### Problem description
Starting at the first line of the entries below, please return exactly each line up to and including the one with "Wenig später lief"; pictures stay out.
···
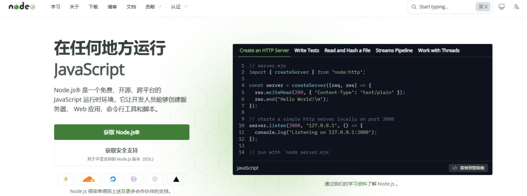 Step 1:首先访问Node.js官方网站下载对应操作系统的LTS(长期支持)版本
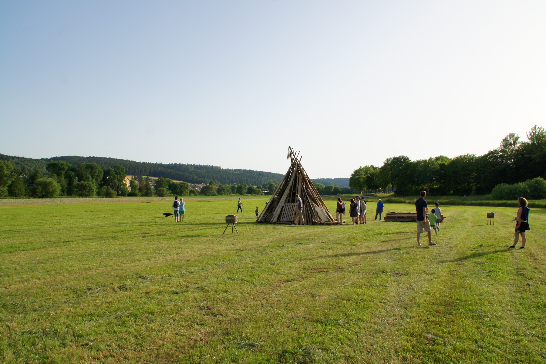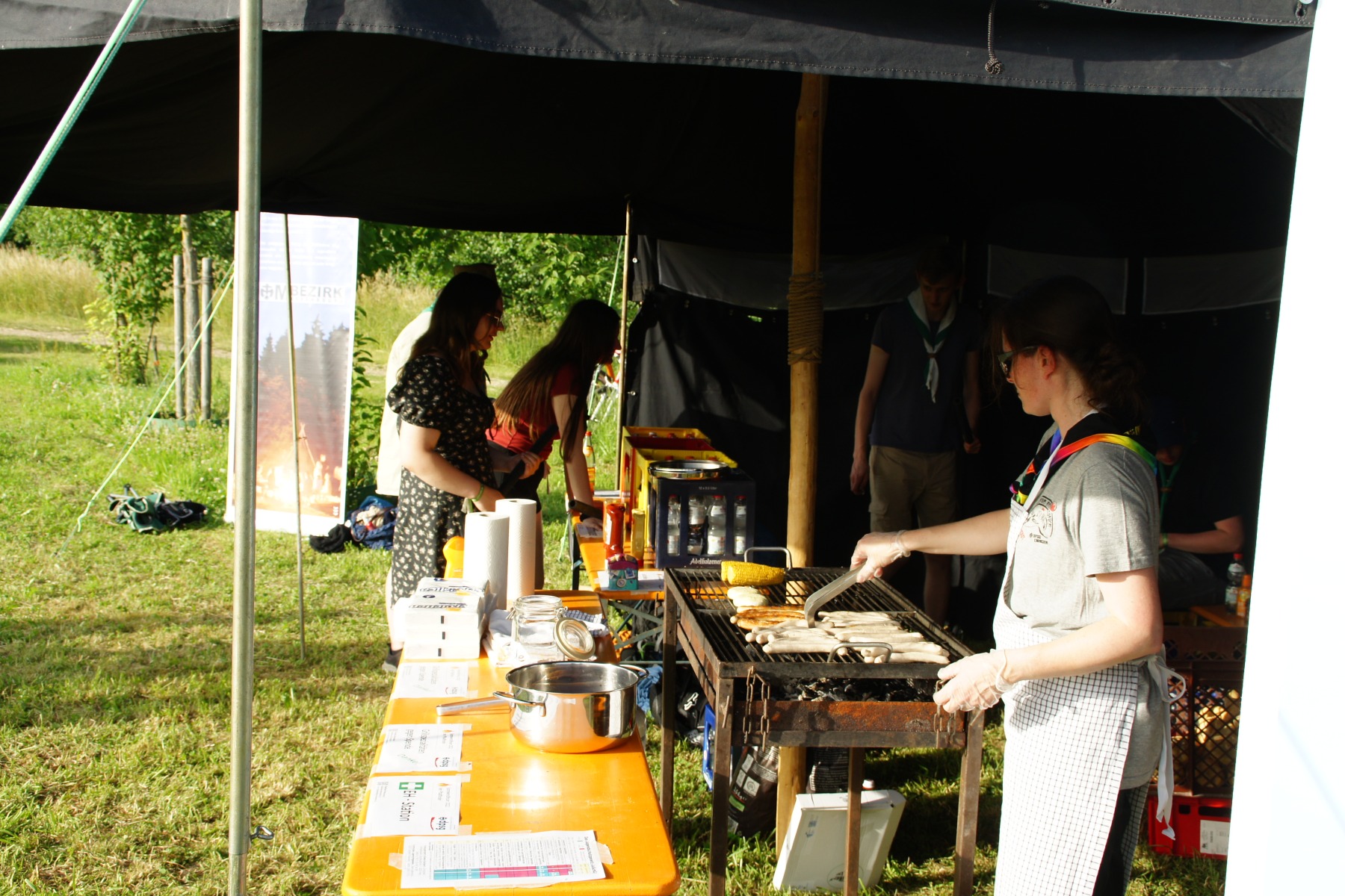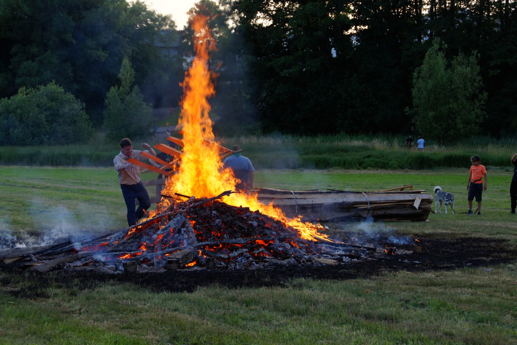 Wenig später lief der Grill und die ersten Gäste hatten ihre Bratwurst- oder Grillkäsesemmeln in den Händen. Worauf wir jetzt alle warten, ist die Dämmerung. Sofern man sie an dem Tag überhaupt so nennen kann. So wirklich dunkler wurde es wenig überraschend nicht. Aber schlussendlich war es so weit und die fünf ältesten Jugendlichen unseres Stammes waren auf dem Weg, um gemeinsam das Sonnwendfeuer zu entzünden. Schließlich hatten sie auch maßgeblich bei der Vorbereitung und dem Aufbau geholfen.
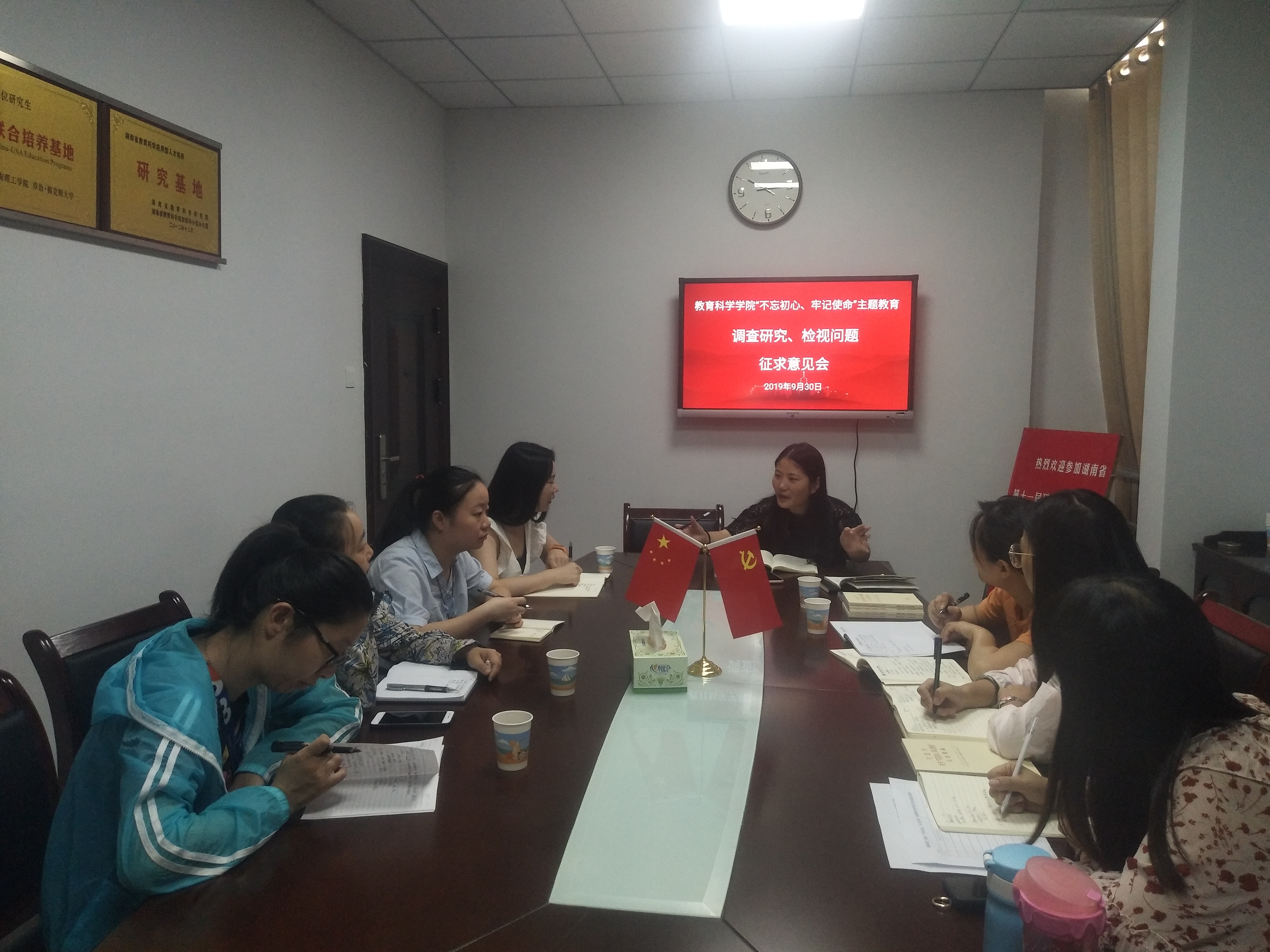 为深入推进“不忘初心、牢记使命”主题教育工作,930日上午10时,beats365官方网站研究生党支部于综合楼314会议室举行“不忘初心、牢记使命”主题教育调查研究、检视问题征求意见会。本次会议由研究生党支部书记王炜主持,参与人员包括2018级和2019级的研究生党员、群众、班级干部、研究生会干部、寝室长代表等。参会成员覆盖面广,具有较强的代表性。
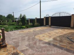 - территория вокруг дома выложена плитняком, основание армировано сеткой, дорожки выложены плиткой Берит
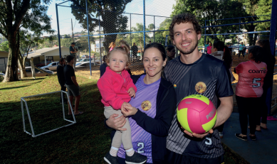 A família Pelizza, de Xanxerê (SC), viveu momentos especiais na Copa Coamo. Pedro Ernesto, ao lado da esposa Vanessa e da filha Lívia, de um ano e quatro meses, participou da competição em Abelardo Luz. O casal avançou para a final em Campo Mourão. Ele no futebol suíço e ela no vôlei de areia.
···
### Completed exercise
 Step 1:首先访问Node.js官方网站下载对应操作系统的LTS(长期支持)版本
 Wenig später lief der Grill und die ersten Gäste hatten ihre Bratwurst- oder Grillkäsesemmeln in den Händen. Worauf wir jetzt alle warten, ist die Dämmerung. Sofern man sie an dem Tag überhaupt so nennen kann. So wirklich dunkler wurde es wenig überraschend nicht. Aber schlussendlich war es so weit und die fünf ältesten Jugendlichen unseres Stammes waren auf dem Weg, um gemeinsam das Sonnwendfeuer zu entzünden. Schließlich hatten sie auch maßgeblich bei der Vorbereitung und dem Aufbau geholfen.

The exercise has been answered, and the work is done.